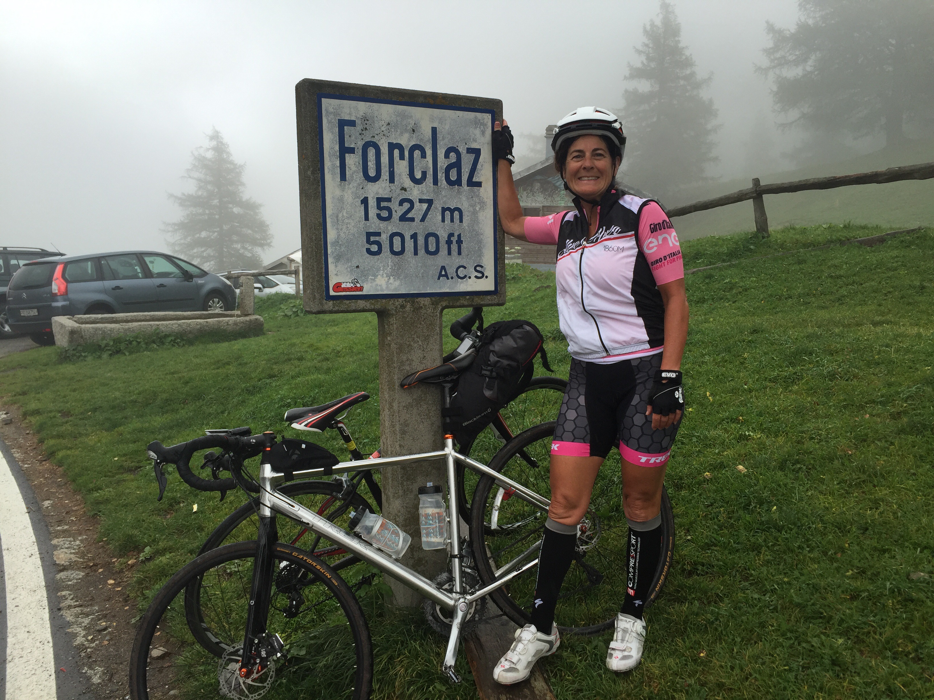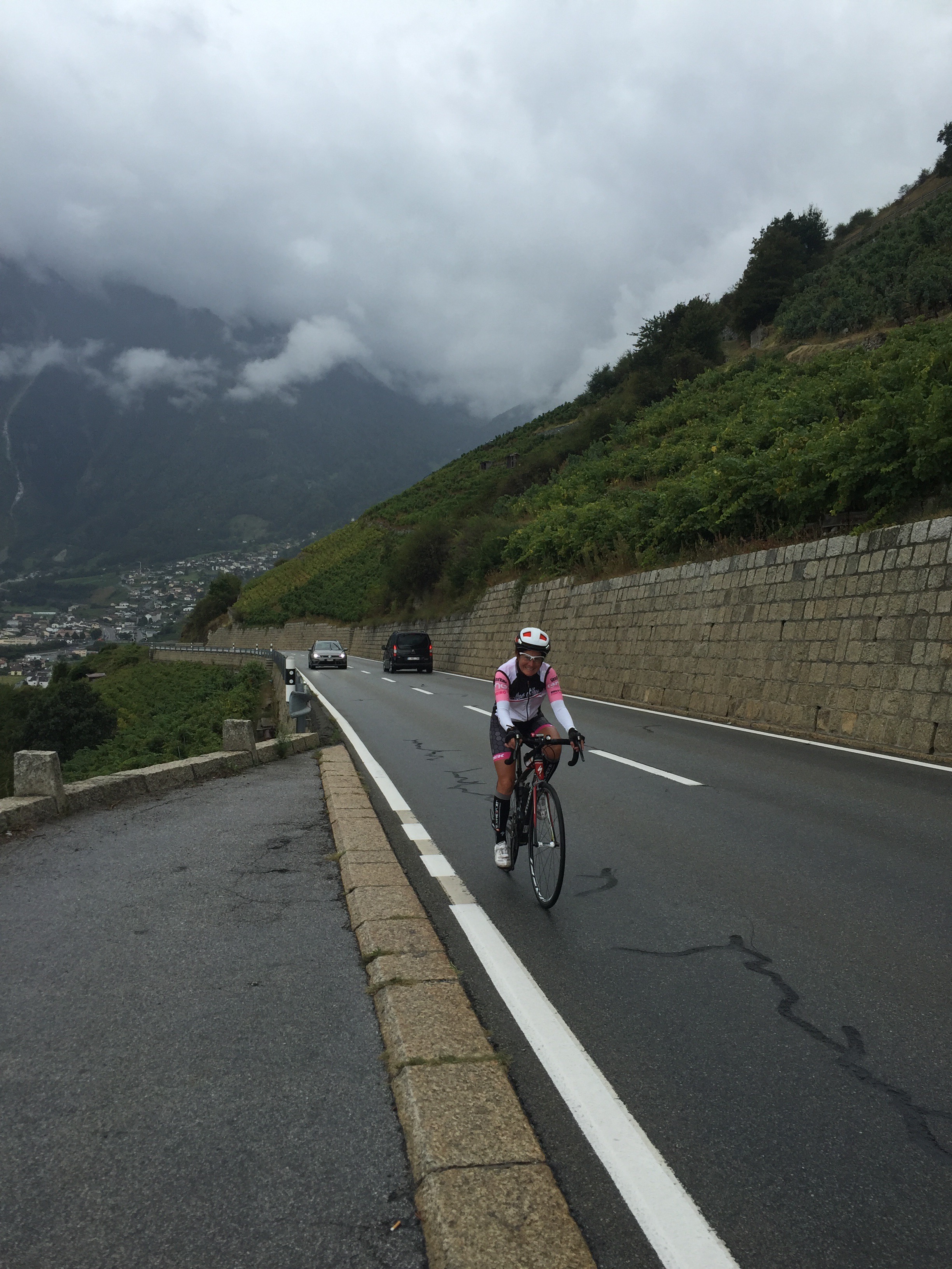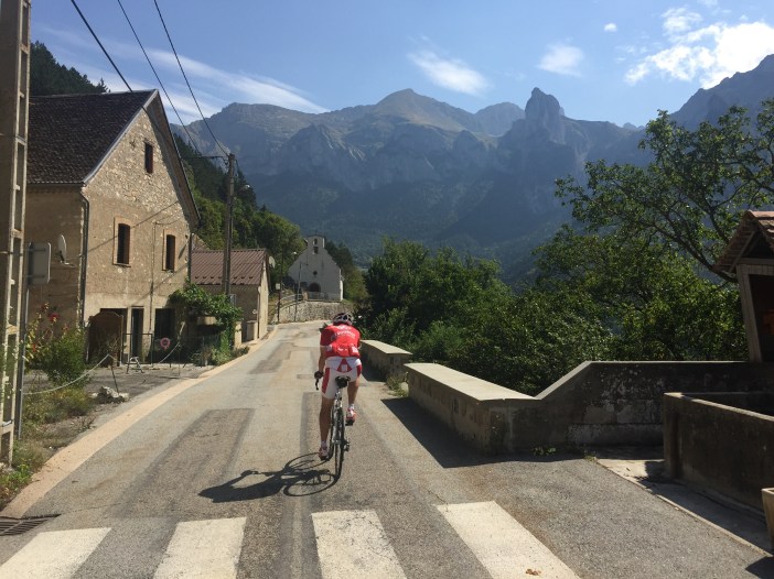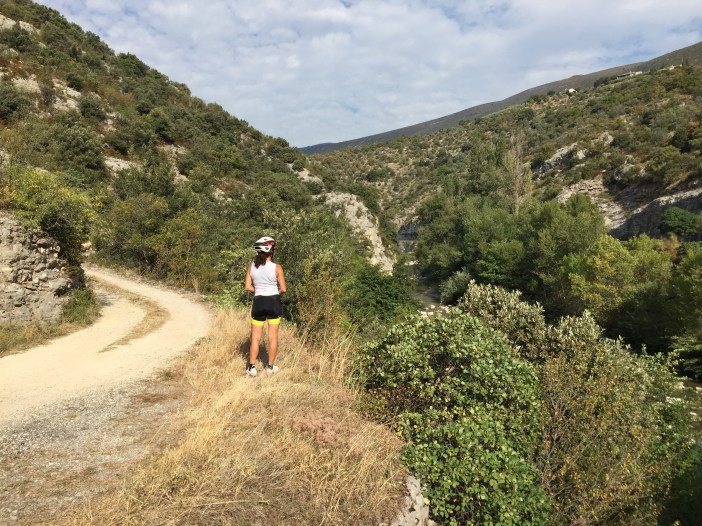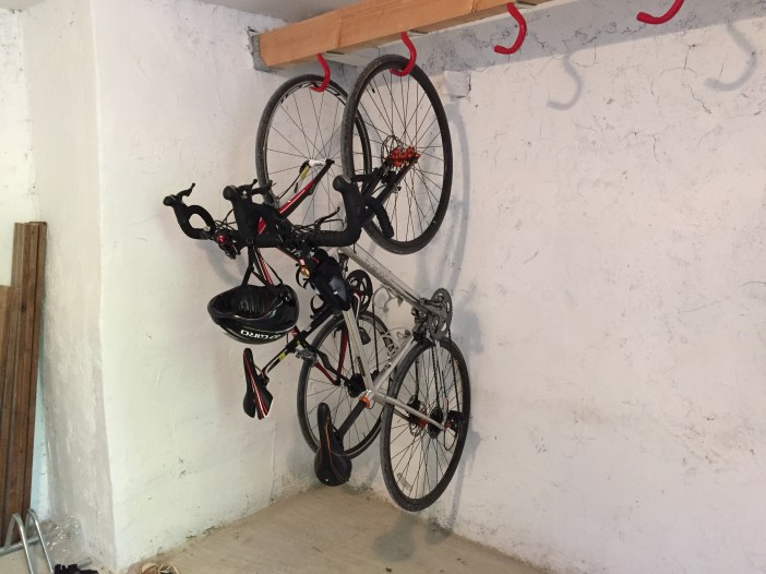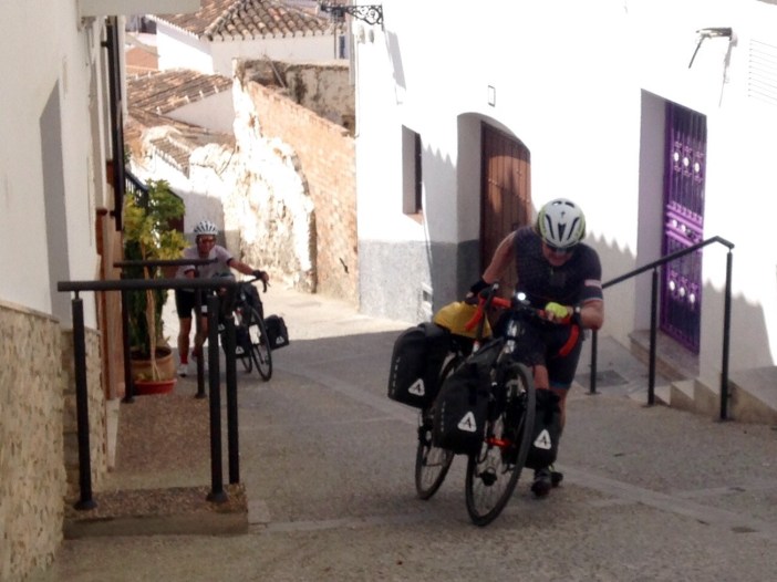 Je rencontre les filles à l’entrée du village puis on attaque l’ascension jusqu’à l’hôtel. La pente était tellement raide et les pavés rocailleux tellement lisses que les derniers quelques centaines de mètres ont été gravis en marchant à côté du vélo.
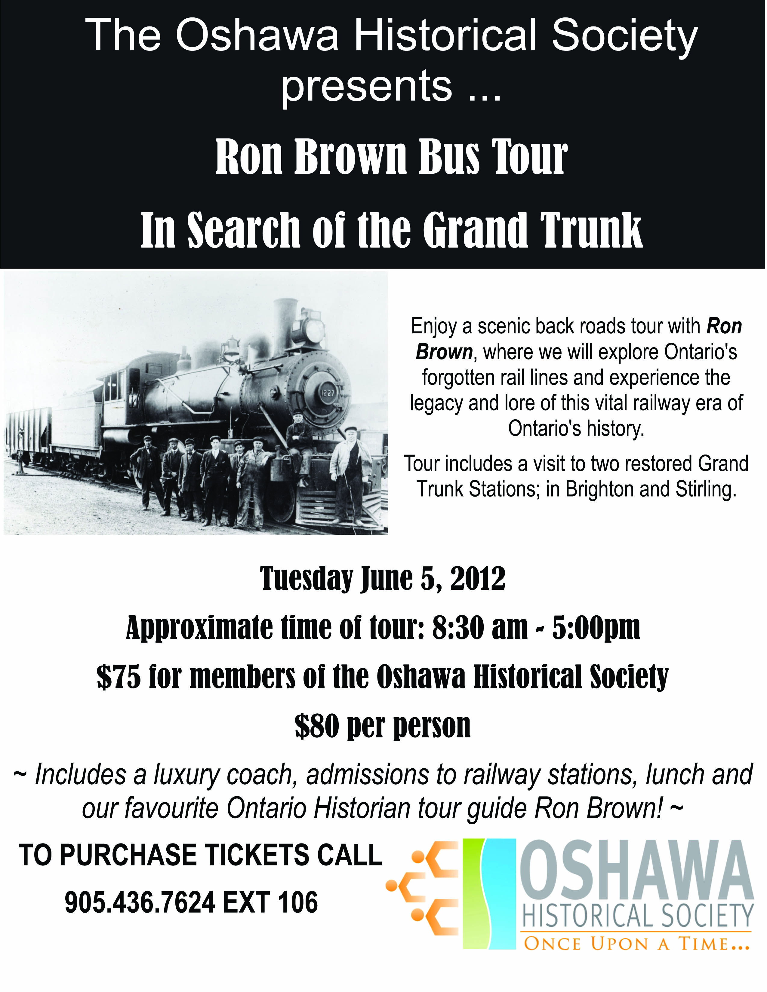 The Oshawa Historical Society is pleased to announce that we have booked an upcoming Ron Brown Tour! Please see the picture below for information, and should you have any further questions, please contact the Oshawa Community Museum at 905-436-7624 x 106.
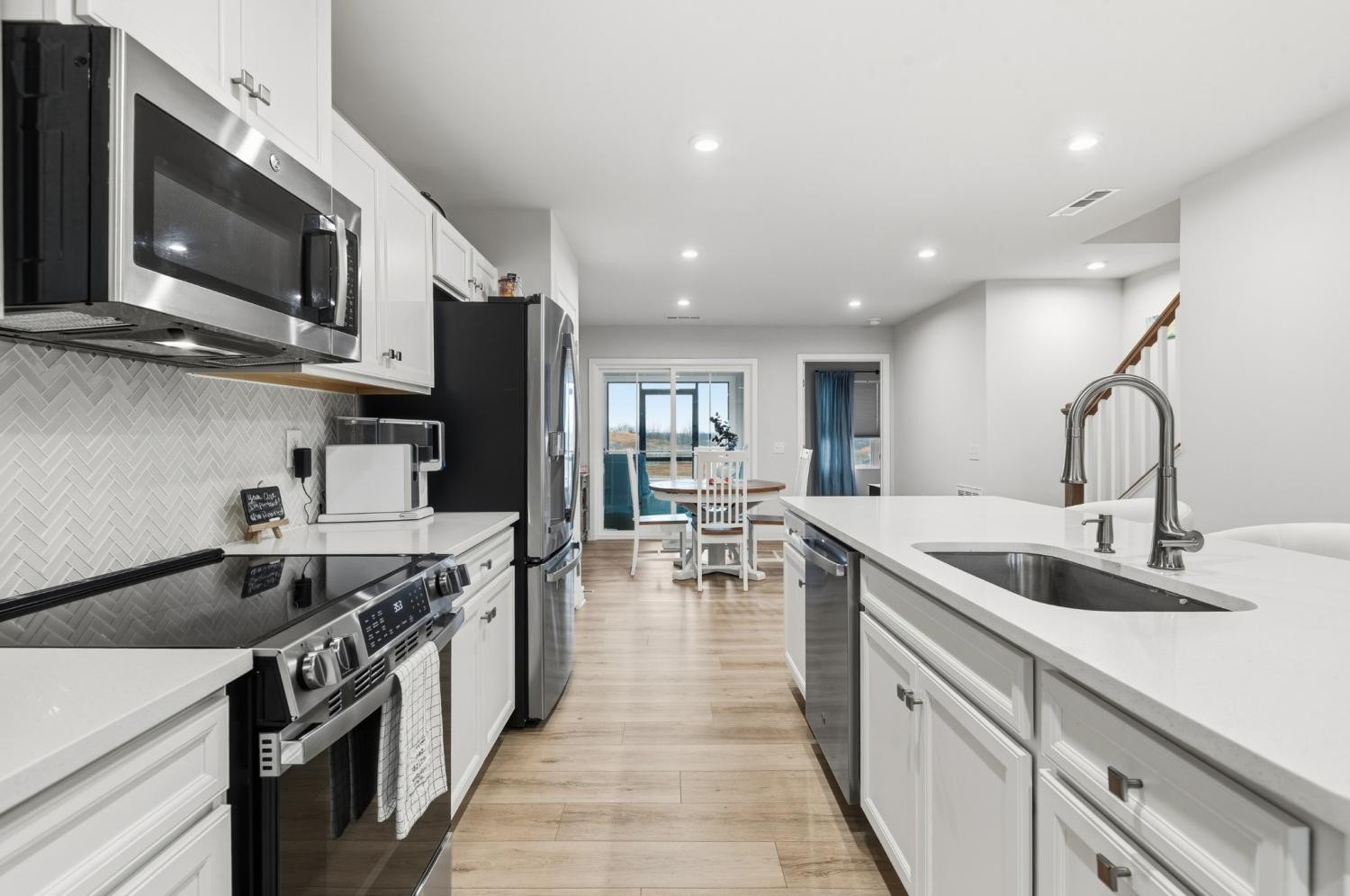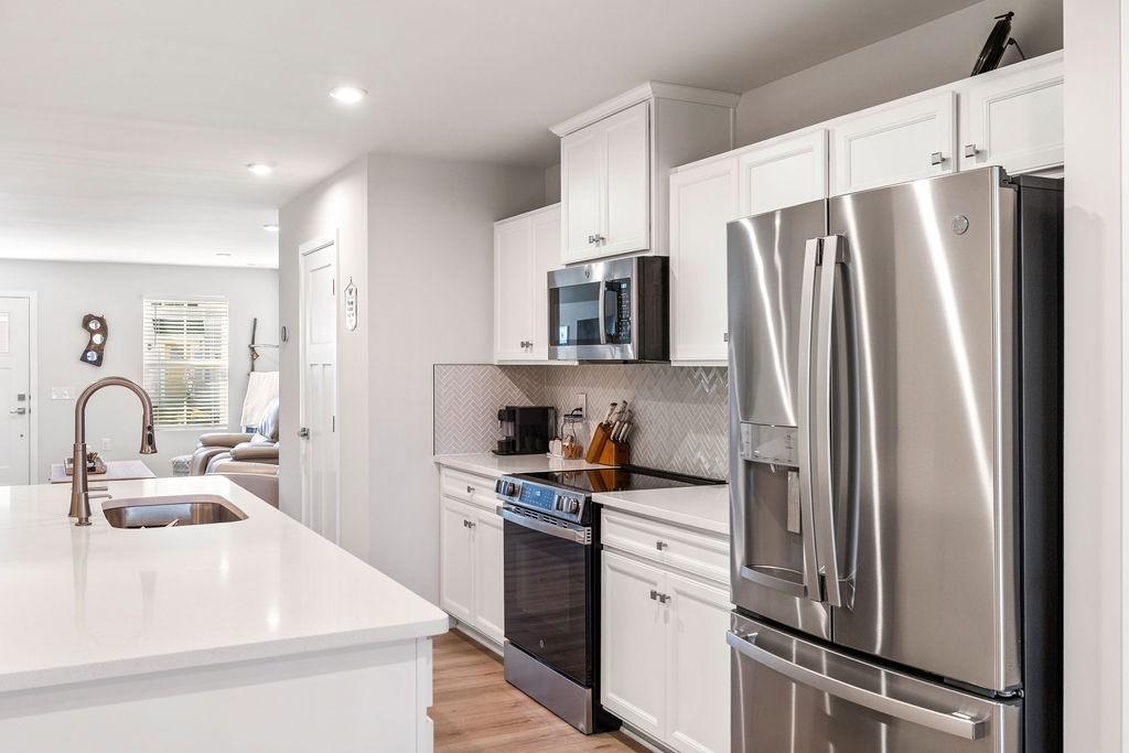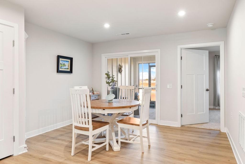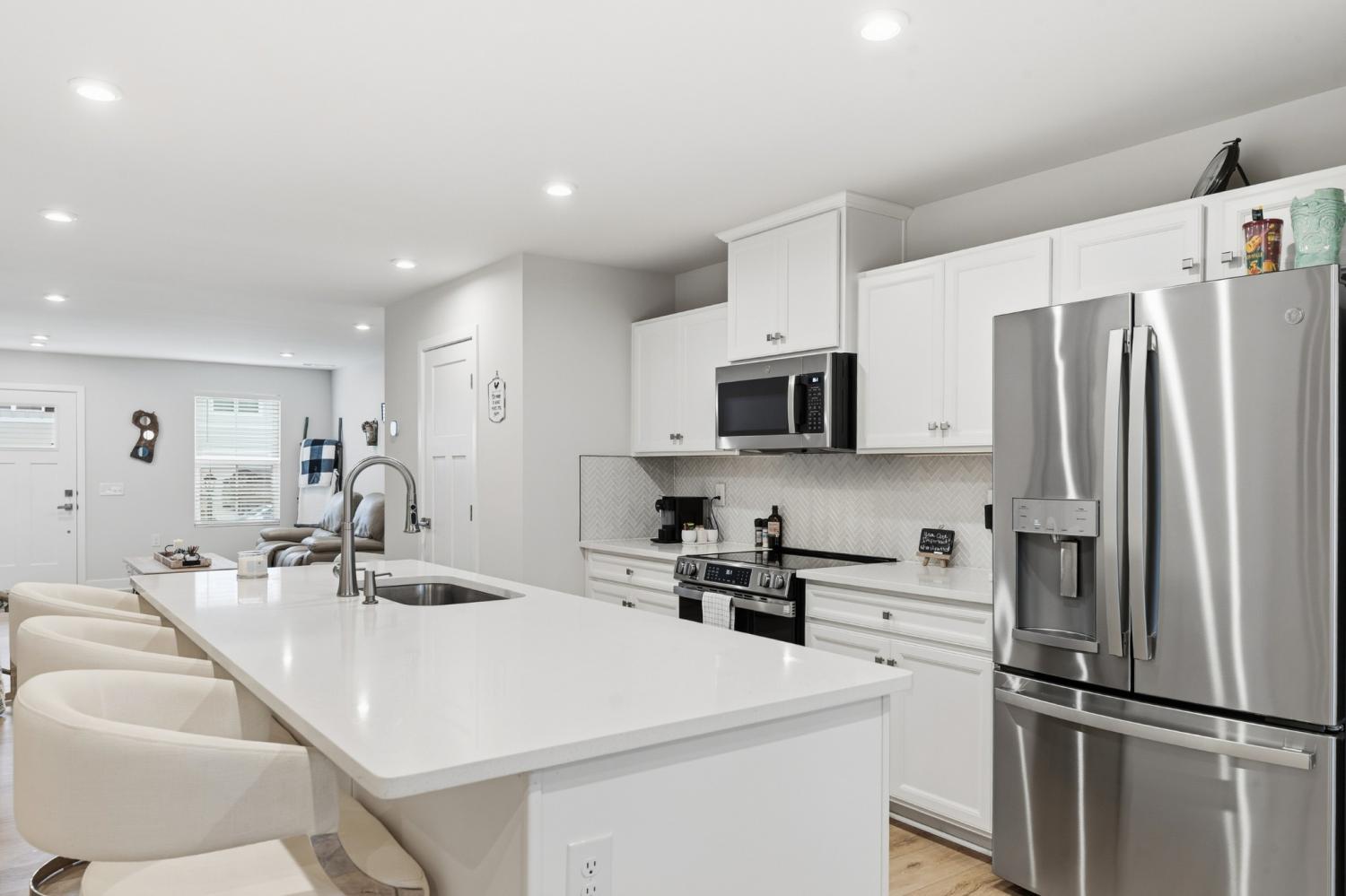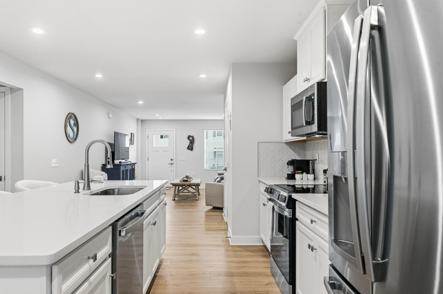 Welcome home to easy living in this beautifully designed townhome featuring a bright, open floor plan that makes everyday life and entertaining effortless. The main living area flows seamlessly into the kitchen, where you’ll find granite countertops, recessed lighting, ample cabinetry, and a pantry for extra storage. The layout feels open yet functional perfect for gathering with family or hosting friends. With your primary bedroom, full bath with double vanity and walk in closet and laundry ALL conveniently located on the main level life is good! Just off the living space, enjoy your covered, screened-in back porch a private spot to relax with your morning coffee or unwind in the evenings.. Also on the main level is a one-car garage, providing both convenience and additional storage. Upstairs, you’ll find two generously sized bedrooms and a full bathroom, offering flexibility for guests, a home office, or additional living space. Luxury vinyl plank flooring adds durability and style. This townhome offers low-maintenance living without sacrificing comfort or functionality — a smart choice for anyone looking for convenience and modern finishes in one beautiful package.

•••

#### Problem description
Skip the pictures and write out exactly the lines from the line containing "The Oshawa Historical" through the end of the listing above.

#### Final answer
 The Oshawa Historical Society is pleased to announce that we have booked an upcoming Ron Brown Tour! Please see the picture below for information, and should you have any further questions, please contact the Oshawa Community Museum at 905-436-7624 x 106.
 Welcome home to easy living in this beautifully designed townhome featuring a bright, open floor plan that makes everyday life and entertaining effortless. The main living area flows seamlessly into the kitchen, where you’ll find granite countertops, recessed lighting, ample cabinetry, and a pantry for extra storage. The layout feels open yet functional perfect for gathering with family or hosting friends. With your primary bedroom, full bath with double vanity and walk in closet and laundry ALL conveniently located on the main level life is good! Just off the living space, enjoy your covered, screened-in back porch a private spot to relax with your morning coffee or unwind in the evenings.. Also on the main level is a one-car garage, providing both convenience and additional storage. Upstairs, you’ll find two generously sized bedrooms and a full bathroom, offering flexibility for guests, a home office, or additional living space. Luxury vinyl plank flooring adds durability and style. This townhome offers low-maintenance living without sacrificing comfort or functionality — a smart choice for anyone looking for convenience and modern finishes in one beautiful package.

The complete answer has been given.